Уползая в берлогу, как подбитый зверь, Адам время от времени бросал взгляд на замок Вивре, который четко вырисовывался под луной. В башне не светилось ни одно окно. Франсуа де Вивре даже не счел нужным присутствовать при разгроме нападавших! Франсуа де Вивре не удостоил его ни единым взглядом! Последним словом отца было презрение…

Лилит все еще не возвращалась со своей одинокой верховой прогулки. Соратники Адама перенесли его в разрушенный дом, который с начала осады служил им пристанищем, и послали за нужным человеком: у одного из разбойников банды Полыхая имелись кое-какие навыки лекаря и хирурга.

Осмотрев рану, лекарь выпрямился, бледный как полотно.

— Плохо, монсеньор, все очень плохо! Нужно оперировать… То есть, вы понимаете, к сожалению…

Он заколебался, не решаясь произнести это слово, но затем все-таки прошептал:

— Придется вас оскопить…

Адам сжал зубы.

— Тогда сделайте это прямо сейчас. Сделайте это, пока она не вернулась. Я не хочу, чтобы она видела.

Не вымолвив больше ни слова, лекарь пошел за большим ножом и велел развести огонь, куда на несколько секунд погрузил инструмент. Затем приблизился к своему господину.

Адам надеялся, что потеряет сознание, но нет: он чувствовал все. К тому моменту, когда Лилит вернулась, операция уже закончилась, — это стало его единственным утешением.

Она узнала о приступе, однако ей не решились рассказать о ране супруга. Лилит была вне себя от гнева.

— Ты пошел на приступ в полнолуние, а ведь я — хозяйка Черной Луны! Это было безумием! Могло случиться самое худшее!

— Самое худшее со мной уже случилось…

Гнев Лилит мгновенно угас. Адам открыл ей ужасную реальность, и впервые ему довелось увидеть, как она плачет.

Но слезы ее мгновенно высохли, когда она увидела, что в комнату входит человек, которого она посылала за новостями в замок Сомбреном. Посланец был бледен как смерть. Лилит устремилась к нему.

— Говори!

— Увы, госпожа…

Лилит испустила чудовищный крик. Так мог бы визжать дикий зверь или сам дьявол, ибо только в преисподней рождаются подобные звуки.

Дрожа, посланец принялся рассказывать:

— Ваш сын умер прямо перед моим приездом. Внезапная лихорадка унесла его за несколько часов. Олимпа и Мышонок обезумели от горя. Весь замок сотрясался от слез великанши. В этом несчастье есть лишь одно утешение: ребенку успели дать последнее причастие…

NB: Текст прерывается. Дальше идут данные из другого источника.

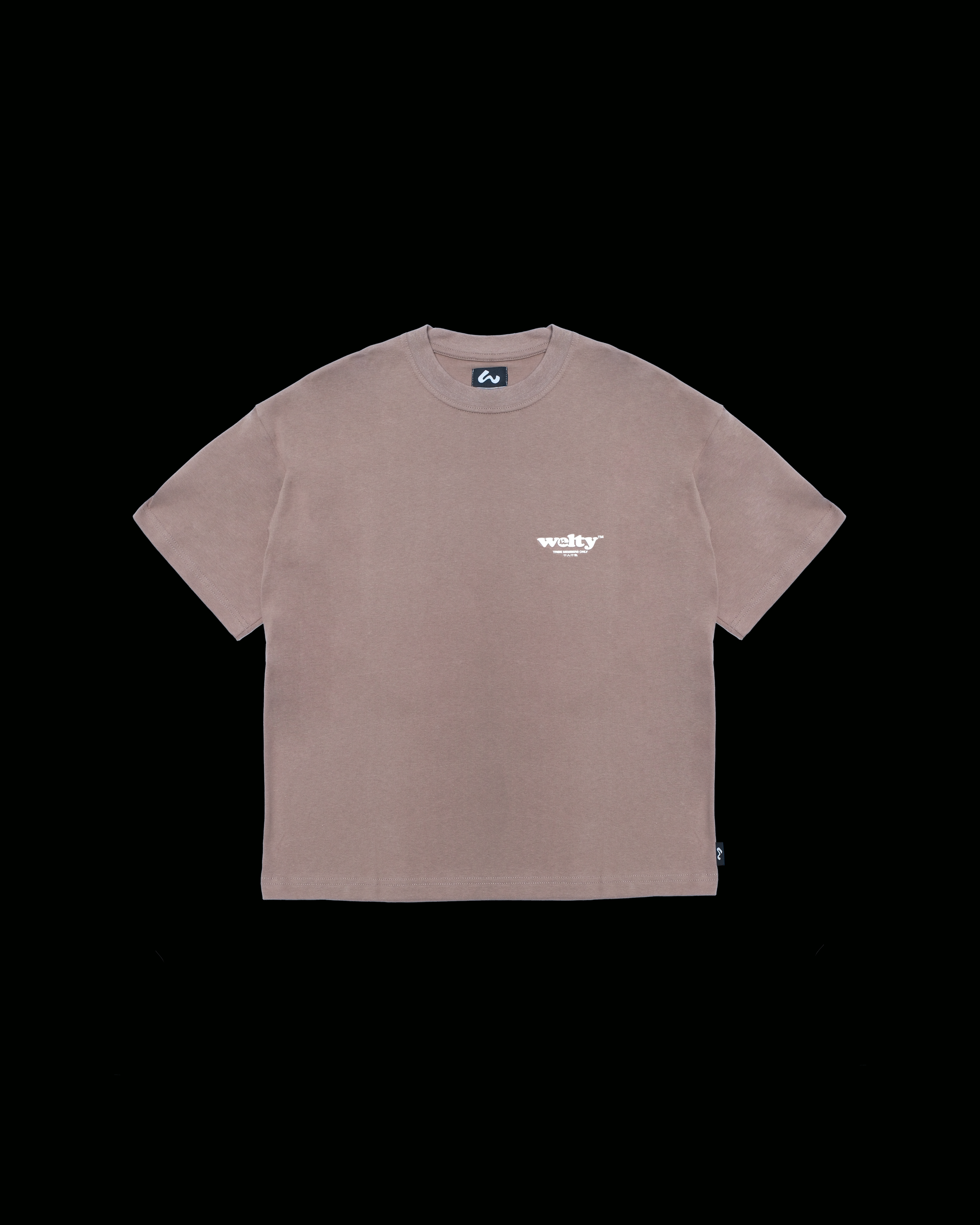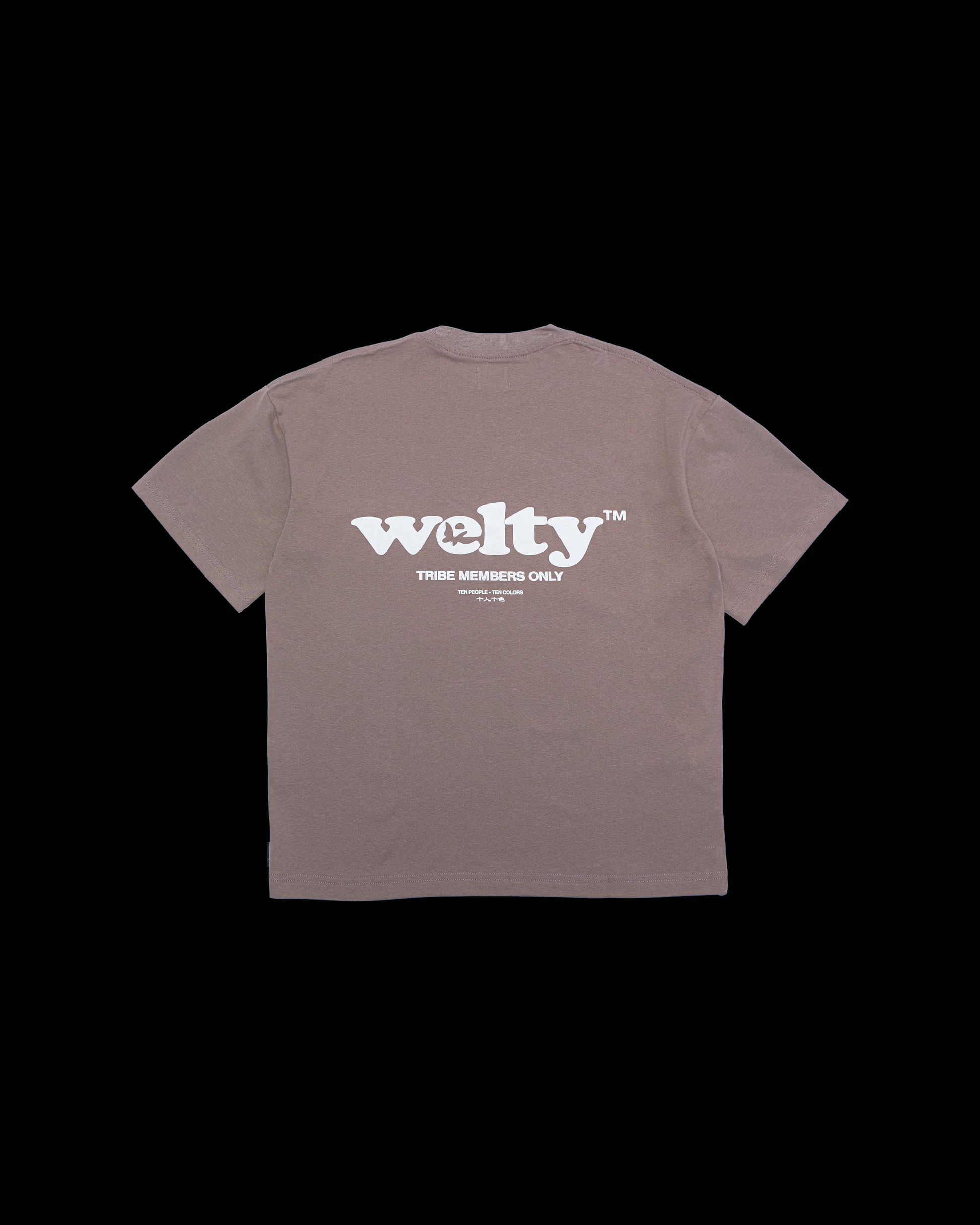 This walnut brown jersey t-shirt showcases Welty's "Tribe Members Only" graphic branding on both the chest and rear, while a logo label appears at the hem.

Лилит принялась рычать и призывать Полыхая. Когда начальник стражи Сомбренома появился перед ней, Лилит указала ему на посланца:

— Убей его!

Тот попятился, пытаясь бежать. Демоница преградила ему путь.

— Ты сообщил мне о смерти сына, ты должен умереть!

Лилит была ужасна. Никто не посмел бы встать у нее на пути, и доводы рассудка были ей недоступны. Насмерть перепуганный Полыхай покорно пронзил мечом тело своего солдата. Лилит указала ему на дверь.

— Убирайся!

Он тотчас исчез…

Все это время Адам лежал, словно окаменев. Его разум отказывался воспринимать случившееся. Чуть позже он сможет осознать все… но только не теперь.

Он увидел, как Лилит взяла в руки булаву, которая валялась рядом с телом посланника.

— А теперь умрешь и ты.

Она больше не кричала. Она говорила спокойным, бесцветным голосом.

— Это из-за тебя умер Филипп. Он умер, потому что мы здесь. Если бы мы остались рядом с ним, я бы смогла его защитить. Я бы воспользовалась своей силой, и ничто не посмело бы встать на моем пути.

Адам увидел, как она приближается к его постели. Он закричал — то был вопль души:

— О да, убей меня! Это лучшее, что может сейчас со мной произойти!

Лилит подняла тяжелую, утыканную железными остриями булаву. Адам не сделал ни малейшей попытки уклониться. Он только слабо улыбнулся:

— Лучше бы ты убила меня в Эдене. Тогда мы не узнали бы этого дня. Почему ты не решилась?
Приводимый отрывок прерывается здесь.